Numerical simulation of ram extrusion in short-fiber-reinforced fresh cementitious composites

Abstract

A series of ram extrusion tests was carried out on a short-fiber-reinforced, semisolid, fresh cementitious composite. An elastoviscoplastic constitutive model is proposed for the extrudable fresh cementitious composite. It features the associative flow rule, a nonlinear strain rate-hardening law, and the von Mises yield criterion. The model is then implemented in ANSYS/LS-DYNA explicit finite element code.

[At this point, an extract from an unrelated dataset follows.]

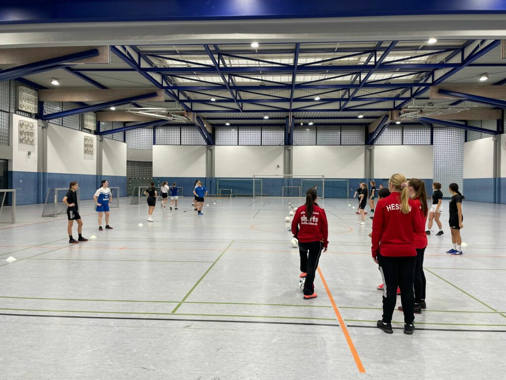 In jedem Schuljahr werden an interessierten Schulen Hessens dezentrale Junior-Coach Lehrgänge angeboten. Der erste Lehrgang des neuen Jahres fand dagegen unabhängig Schule in den Weihnachtsferien von 02.-05. Januar 2024 zentral an der Sportschule in Grünberg statt. Die Ausschreibung beschränkte sich hierbei ausschließlich auf weibliche Teilnehmerinnen. Vier Tage umfasste der Lehrgang und war vollgepackt mit verschiedenen Themen. Neben der generellen Vermittlung von Fußballwissen spielte ebenso die Persönlichkeitsentwicklung eine große Rolle. Unter der Leitung von HFV-Lehrreferentin Kimberly Heinrich und tatkräftiger Unterstützung durch Lisa Hisserich, konnten alle 22 Teilnehmerinnen nach einer abwechslungsreichen Woche ihr Zertifikat entgegennehmen. Bei der Übergabe war außerdem Ute Maaß als Stellvertretende Vorsitzende des Verbandausschusses für Frauen und Mädchen mit von der Partie.

Various ram extrusion processes of the fresh cementitious composite were simulated. It has been found that the extrusion load versus imposed displacement predictions agree well with the experimental results. The fresh paste flow, through the die entry and the die-land, is then interpreted in light of the evolution of the deformation and distribution of state variables, mainly based on numerical results and the ram extrusion mechanism.

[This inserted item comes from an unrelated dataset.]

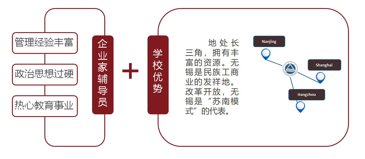 “企业家辅导员”项目是以西港娱乐 专职辅导员工作团队为运行核心,以长三角区域优质社会资源为有力支持,通过聘请一批政治思想过硬、管理经验丰富、热心教育事业的企业家担任“企业家辅导员”的形式,面向全院学生、紧扣商科学生特点,发挥育人群体资源优势、经验优势和管理优势,开展生涯规划教育、精准就业指导和实践育人活动的校企协同育人项目。
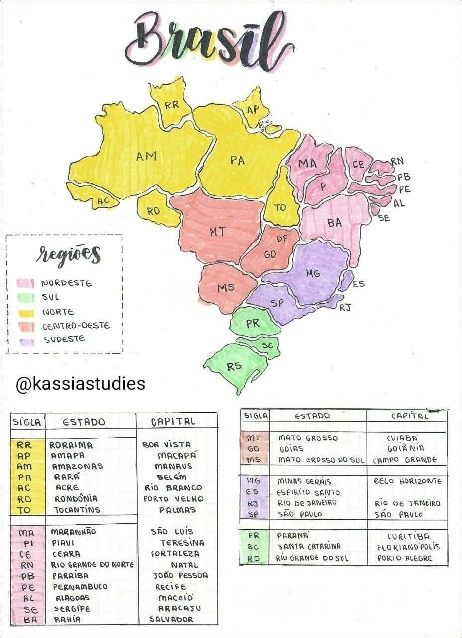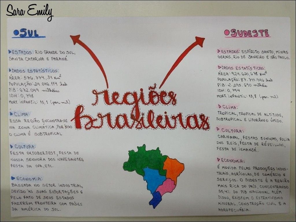 Compilação com os melhores mapas mentais, conceituais, infográficos, diagramas e resumos sobre regioes brasileiras.

The effects of extrusion ratio and extrusion velocity on extrusion load are also investigated, based on the mechanical properties of the fresh cementitious composite. The study indicates that the numerical procedure established, together with the constitutive model proposed, is applicable for describing ram extrusion of short-fiber-reinforced fresh cementitious composites, which might provide a numerical rheometric tool from which ram extrusion of elastoviscoplastic paste-like materials can be examined and quantified.